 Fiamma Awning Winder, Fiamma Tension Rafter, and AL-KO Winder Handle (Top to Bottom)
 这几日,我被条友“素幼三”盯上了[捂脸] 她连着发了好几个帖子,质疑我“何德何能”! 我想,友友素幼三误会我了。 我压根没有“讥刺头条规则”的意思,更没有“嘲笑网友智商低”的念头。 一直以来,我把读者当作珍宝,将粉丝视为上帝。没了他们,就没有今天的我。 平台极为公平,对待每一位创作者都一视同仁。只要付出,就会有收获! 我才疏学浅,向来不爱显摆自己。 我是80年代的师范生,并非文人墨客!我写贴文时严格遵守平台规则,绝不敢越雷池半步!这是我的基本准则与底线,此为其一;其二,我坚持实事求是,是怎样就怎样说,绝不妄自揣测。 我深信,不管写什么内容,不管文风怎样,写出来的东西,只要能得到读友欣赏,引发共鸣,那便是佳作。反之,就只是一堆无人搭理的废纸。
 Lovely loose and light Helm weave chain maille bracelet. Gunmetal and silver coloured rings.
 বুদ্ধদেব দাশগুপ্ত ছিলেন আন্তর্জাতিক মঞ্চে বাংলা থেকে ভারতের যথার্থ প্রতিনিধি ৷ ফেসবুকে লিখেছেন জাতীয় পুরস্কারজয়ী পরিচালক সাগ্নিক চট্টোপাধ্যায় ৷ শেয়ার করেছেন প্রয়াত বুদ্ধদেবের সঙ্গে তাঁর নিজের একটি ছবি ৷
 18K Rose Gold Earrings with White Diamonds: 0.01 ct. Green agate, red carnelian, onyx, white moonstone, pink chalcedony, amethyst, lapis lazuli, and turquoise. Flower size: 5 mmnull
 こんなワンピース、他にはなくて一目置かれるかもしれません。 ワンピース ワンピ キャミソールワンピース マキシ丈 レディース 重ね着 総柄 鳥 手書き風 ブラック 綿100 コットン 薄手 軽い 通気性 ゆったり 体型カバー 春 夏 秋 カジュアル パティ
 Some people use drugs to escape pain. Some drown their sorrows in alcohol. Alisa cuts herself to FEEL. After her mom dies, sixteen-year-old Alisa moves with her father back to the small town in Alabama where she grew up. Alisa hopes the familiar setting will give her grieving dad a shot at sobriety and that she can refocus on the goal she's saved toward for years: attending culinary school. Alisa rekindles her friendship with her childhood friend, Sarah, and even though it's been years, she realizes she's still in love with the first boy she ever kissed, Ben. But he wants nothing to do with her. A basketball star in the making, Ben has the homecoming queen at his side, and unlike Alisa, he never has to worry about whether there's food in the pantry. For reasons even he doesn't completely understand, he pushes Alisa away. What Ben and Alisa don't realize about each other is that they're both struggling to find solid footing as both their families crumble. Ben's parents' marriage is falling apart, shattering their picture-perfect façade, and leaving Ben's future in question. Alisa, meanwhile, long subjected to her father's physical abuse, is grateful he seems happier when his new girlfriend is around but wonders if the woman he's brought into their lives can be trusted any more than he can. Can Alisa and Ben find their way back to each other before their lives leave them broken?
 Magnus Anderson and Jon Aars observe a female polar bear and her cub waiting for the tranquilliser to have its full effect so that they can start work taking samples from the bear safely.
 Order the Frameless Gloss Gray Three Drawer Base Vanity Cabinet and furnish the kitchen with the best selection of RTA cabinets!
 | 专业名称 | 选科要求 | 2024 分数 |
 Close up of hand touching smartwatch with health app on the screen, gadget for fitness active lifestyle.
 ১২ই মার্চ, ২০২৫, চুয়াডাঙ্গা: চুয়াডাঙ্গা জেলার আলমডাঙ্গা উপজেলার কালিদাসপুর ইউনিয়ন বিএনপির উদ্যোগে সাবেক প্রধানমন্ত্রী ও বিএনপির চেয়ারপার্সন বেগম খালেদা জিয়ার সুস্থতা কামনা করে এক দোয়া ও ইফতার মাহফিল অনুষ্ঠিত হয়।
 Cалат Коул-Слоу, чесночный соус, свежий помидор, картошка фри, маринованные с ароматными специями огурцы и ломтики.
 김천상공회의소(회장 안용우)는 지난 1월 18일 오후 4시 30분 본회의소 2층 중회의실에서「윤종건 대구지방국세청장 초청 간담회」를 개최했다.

──────

§ Your instructions
Copy, word for word, the line that contains "Close up of" and every line after it through the end of the records, and nothing else.

§ Solved problem
 Close up of hand touching smartwatch with health app on the screen, gadget for fitness active lifestyle.
 ১২ই মার্চ, ২০২৫, চুয়াডাঙ্গা: চুয়াডাঙ্গা জেলার আলমডাঙ্গা উপজেলার কালিদাসপুর ইউনিয়ন বিএনপির উদ্যোগে সাবেক প্রধানমন্ত্রী ও বিএনপির চেয়ারপার্সন বেগম খালেদা জিয়ার সুস্থতা কামনা করে এক দোয়া ও ইফতার মাহফিল অনুষ্ঠিত হয়।
 Cалат Коул-Слоу, чесночный соус, свежий помидор, картошка фри, маринованные с ароматными специями огурцы и ломтики.
 김천상공회의소(회장 안용우)는 지난 1월 18일 오후 4시 30분 본회의소 2층 중회의실에서「윤종건 대구지방국세청장 초청 간담회」를 개최했다.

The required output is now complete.